Уламры были бесконечно рады этой находке, обеспечивавшей им безопасный ночлег. Впервые за все время похода они проведут спокойную ночь, не опасаясь нападения хищников.
Подкрепившись сырым мясом молодого оленя и орехами, собранными в лесу, Нао, Нам и Гав выползли из убежища, чтобы еще раз осмотреть местность. Несколько оленей и козуль пробежали к водопою. В воздухе с воинственным карканьем носились вороны; в облаках величественно парил орел. Среди ивняка неслышными шагами крался пятнистый леопард. Рысь преследовала антилопу.

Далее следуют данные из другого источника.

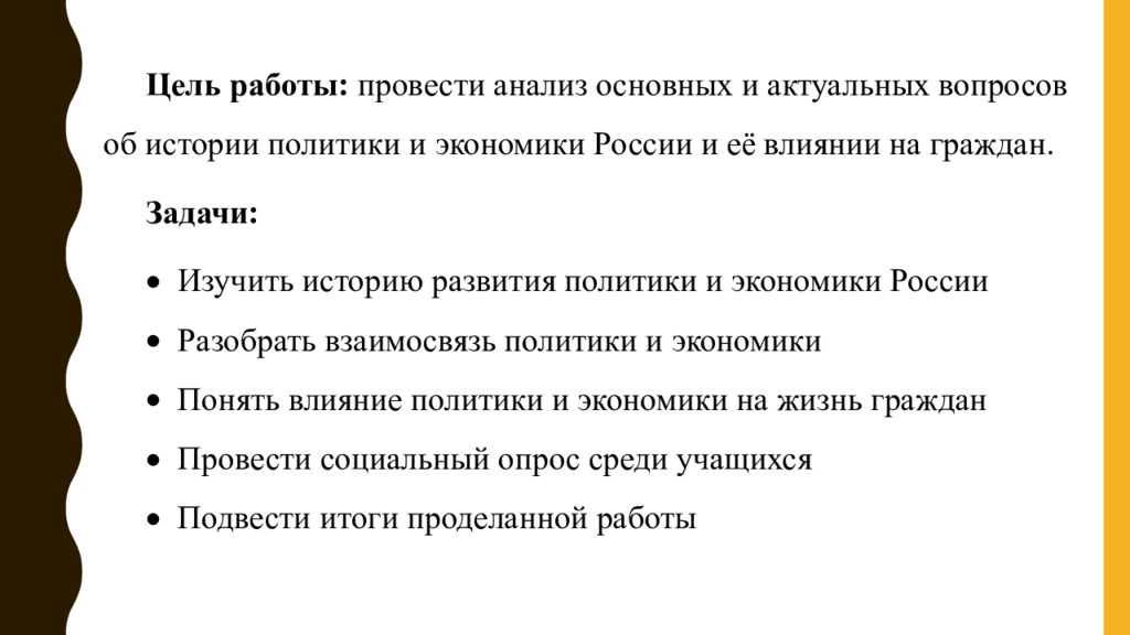 Цель работы: провести анализ основных и актуальных вопросов об истории политики и экономики России и её влиянии на граждан. Задачи: Изучить историю развития политики и экономики России Разобрать взаимосвязь политики и экономики Понять влияние политики и экономики на жизнь граждан Провести социальный опрос среди учащихся Подвести итоги проделанной работы

Тени деревьев удлинялись. Солнце садилось за верхушки деревьев, зажигая гигантский пожар в облаках. Через несколько минут хищники должны были выползти из своих берлог, чтобы вступить во владение равниной. Но пока еще ничто не выдавало этого. Над равниной раздавался только мирный щебет птичек; они хлопотливо носились в воздухе, то круто взмывая ввысь, то камнем падая вниз.
Неожиданно из лесу вышел бизон. Бизоны были подвижные, сильные, чуткие к малейшей опасности, смелые и осторожные животные, великолепно вооруженные для борьбы за существование.
Сердце Нао учащенно забилось при приближении широкогрудого, круторогого величественного зверя, и он с глухим ворчанием вскочил на ноги: инстинкт охотника сразу проснулся в нем. Обычно люди не решались нападать на стада этих травоядных, но они не упускали случая поохотиться на одинокого бизона, особенно слабого или раненого. Откуда пришел этот бизон? Бежал ли он от преследования сильных хищников, опередив стадо, или, наоборот, отстал от него? Уламры не задавались этим вопросом. Им достаточно было знать, что огромное животное одиноко; победа над бизоном была не менее славной, чем победа над самым крупным из хищников. Но тут же другой инстинкт вступил в борьбу с первым. И этот инстинкт властно приказывал не уничтожать без нужды животное, могущее послужить пищей. А у уламров был большой запас свежего мяса.
Вспомнив победу, только что одержанную над серым медведем, Нао решил, что борьба с бизоном ничего не прибавит к его охотничьей славе, и опустил палицу.
Ничего не подозревавший бизон медленно и спокойно прошел к реке.
Вдруг все трое уламров насторожились — они почувствовали приближение опасности раньше, чем увидели ее. Сомнения быстро сменились уверенностью. По знаку Нао, Нам и Гав скользнули в пещеру. Нао не замедлил последовать за ними, как только на опушке леса показался олень. Животное бежало в слепом ужасе. Рога его были закинуты назад, с губ капала пена, окрашенная кровью. Олень убегал от тигра.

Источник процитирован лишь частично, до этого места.